Desta forma, simples e maravilhosa, ele tem uma característica peculiar em


relação a outras expressões textuais e vem acompanhando a humanidade em sua
trajetória no espaço e no tempo. Piglia (2001, p. 24), diz ainda que a construção do
conto faz transparecer, de forma artificial, algo que estava oculto, reproduzindo, de
modo renovado, buscar sempre uma experiência única que nos permita ver, sob a
superfície opaca da vida, uma verdade secreta.
O conto contemporâneo reflete as crises políticas e sociais, o
desenvolvimento tecnológico e industrial e a busca incessante da liberdade e
democracia. Uma nova narrativa emerge, reflexo do que se foi vivenciado nas
últimas décadas, substitui-se a estrutura clássica pela construção de um texto curto,
com o objetivo de conduzir o leitor para além do dito, para a descoberta de um
sentido do não-dito.
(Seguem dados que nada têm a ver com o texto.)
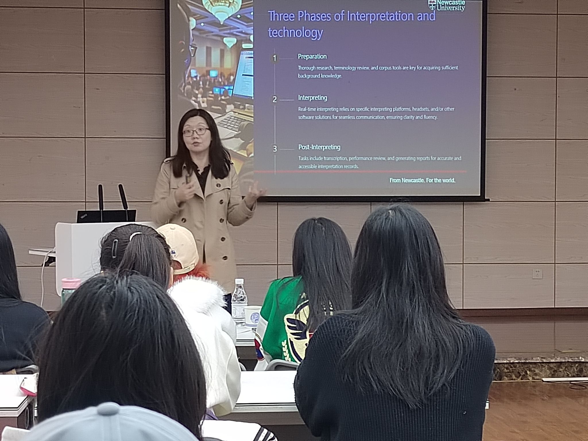 2025年3月21日18漫画 虎溪校区*18漫画 楼501教室迎来了一场前沿学术讲座。本次讲座由纽卡斯尔大学硕士课程主任,博士生导师Yalta Chen和口笔译课程主任Phoebe Yu主讲,翻译硕士教育中心晏生宏主任主持。讲座聚焦于人工智能(AI)在口译和翻译/本地化行业中的变革性影响。

A ação se torna ainda mais reduzida, surgem monólogos, a
exploração de um tempo interior, psicológico. A linguagem pode, muitas vezes
chocar pela rudeza, pela denúncia do que não se quer ver. Desaparece a
construção dramática tradicional que exigia um desenvolvimento, um clímax e um
desenlace. Em contrapartida, cobra a participação do leitor, para que os aspectos
constitutivos da narrativa possam por ele ser encontrados e apreciados. Exige uma
leitura que descortina não só o que é contado, mas, principalmente, a forma como o
fato é contado, a forma como o texto se realiza.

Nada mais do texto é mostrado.